According to Forbes, a study commissioned by the U.S. Travel Association and conducted by Oxford Economics showed that employees who take regular vacations where they are completely unplugged from job responsibilities actually exhibit higher productivity, stronger workplace morale, and better health than those who do not.
Despite these findings, over 40% of Americans don’t take the time off that they are entitled to. Of those who do, nearly half of them admitted to taking a laptop with them to stay plugged into the office. I know I was guilty of this when I was at my marketing job.

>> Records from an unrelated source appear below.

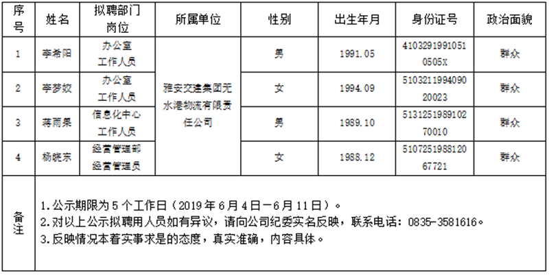 雅安交建集團(tuán)所屬子公司擬聘用人員公示(無水港公司)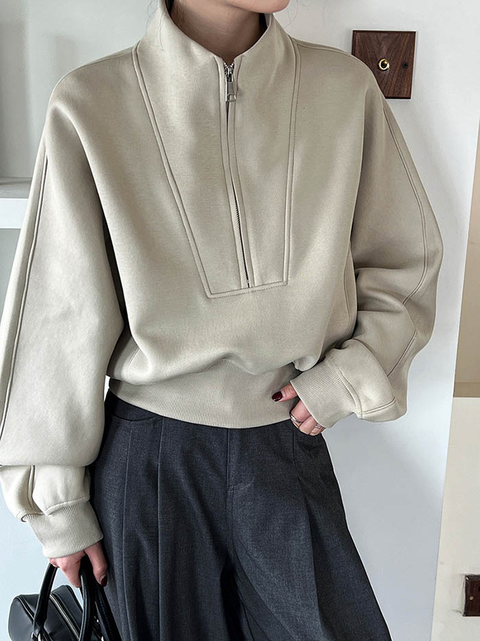 トレーナー レディース 春 秋 冬 ハーフジップ トレーナー トップス 長袖 ゆったり フェミニン 着回し シンプル カジュアル 体型カバー 柔らかい トレンド感 こなれる 上品 お洒落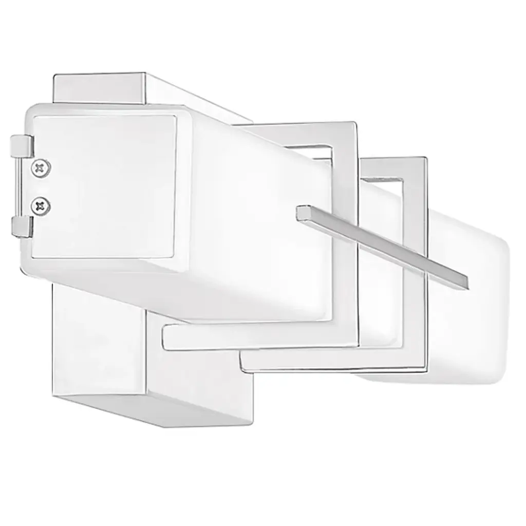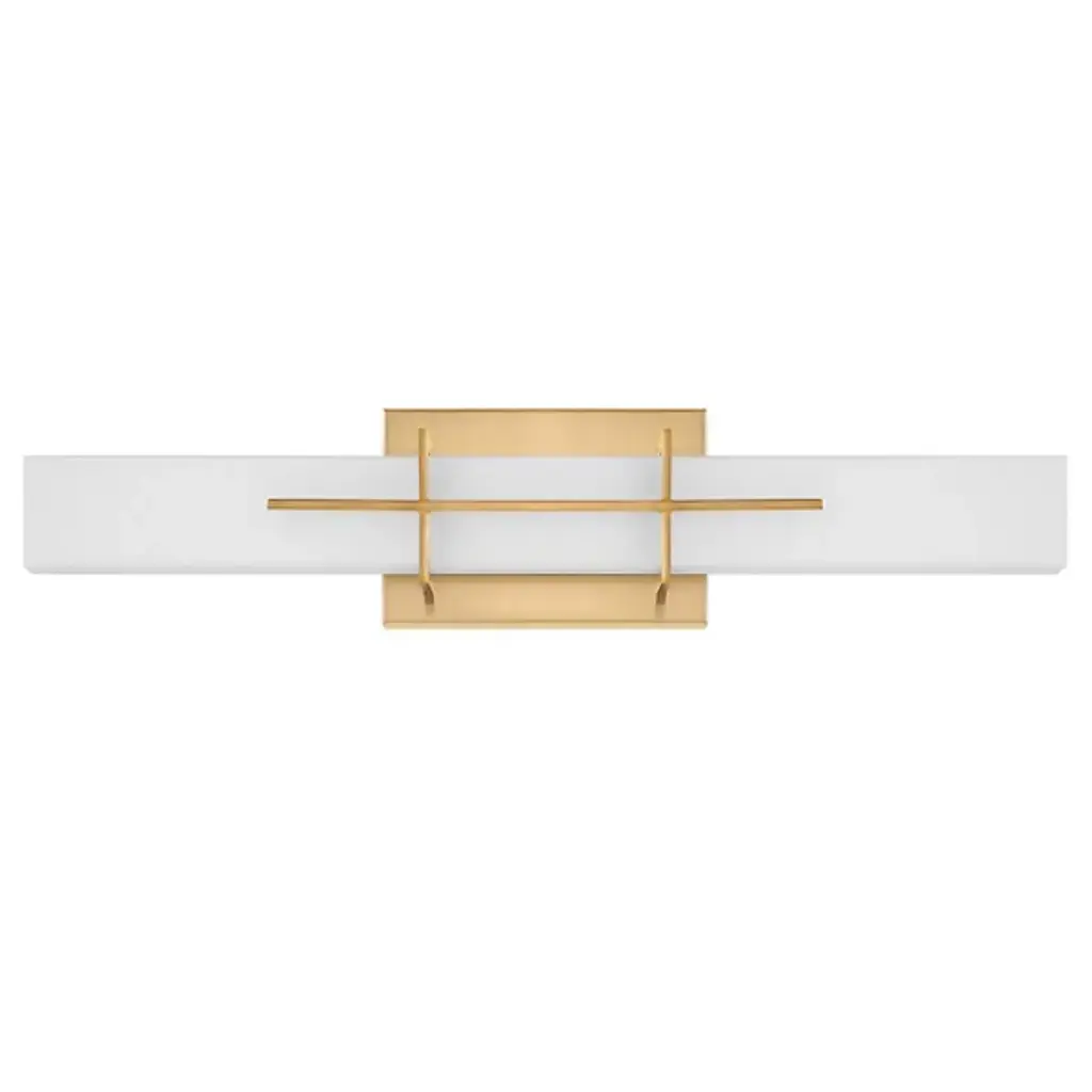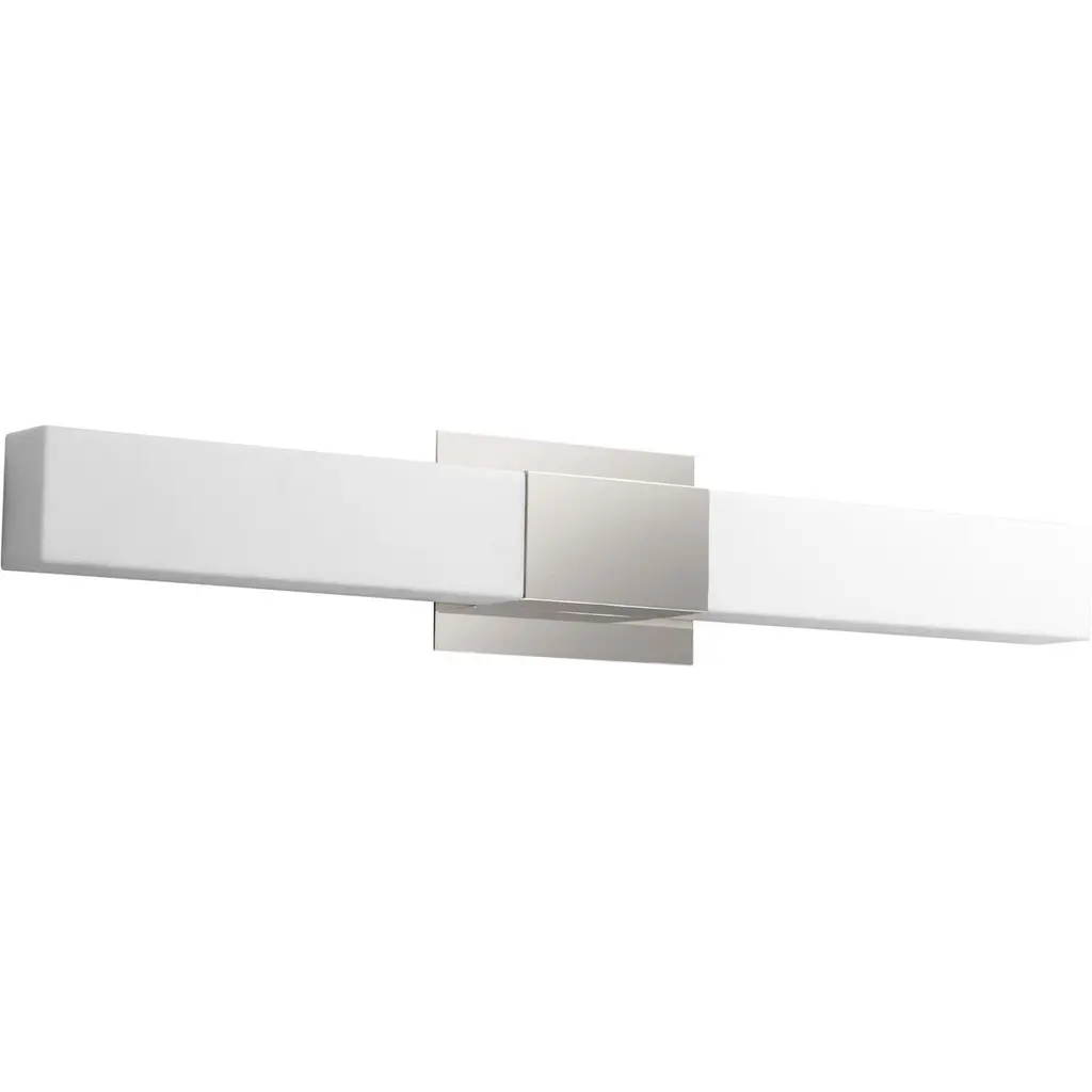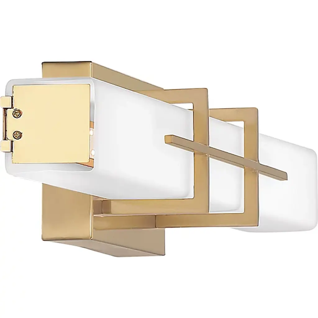 Brighten up your bathroom space with the Gemini LED Vanity Light from Quoizel. A wide and smooth, rectangular opal etched glass shade is gently held in place on the backplate by a pair of thin, angled arms that wrap around. Two colors contrast beautifully, sending radiant elegance into the room. An integrated, energy-efficient LED sits within the glass shade, diffusing evenly for a warm, enhancing touch that softly blankets the room.

Ana & Christian have jobs where people’s lives literally depend on them, and I can tell you after spending the morning paddle boarding with them, that they could not have been more unplugged.
Would you rather have a doctor who’s exhausted from pushing themselves to work 36 straight hours or a doctor who is refreshed & enthusiastic about helping their patients because they understand the value of physical AND mental health?
Guys, we need to travel. We need to unplug. We need to recharge. We need to reevaluate this whole “living the dream” concept.
What dream are you living? Is it one that actually makes you happy, or are you just putting the petal to the metal hoping that the dream part will come true someday?
Are you living your dream or just what someone else tells you your dream should be?
Live your dream.
And live it now, because someday is just an elusive mythical creature. Whether it’s taking that weekend camping trip with your kids you’ve been thinking about or quitting your job to teach English in Cambodia, stop thinking about it and make it happen.
And don’t give me the “I’m too busy” excuse. If two doctors with busy careers and different schedules can find the time to have adventures all over the world, so can you.
You know what makes dreams come true (hint: it’s not money)? Organization and priorities. Understanding the value of taking time for yourself so you have more to give to others.
Now that I’ve seen what living the dream really means, I realize that I don’t hate the phrase. I’ve seen a glimpse of a dream that I want (genuine Panama hat included) and I’m going to get out there and live it. Actually, I think I’ve made a pretty good start so far. 🙂
What does living the dream mean to you?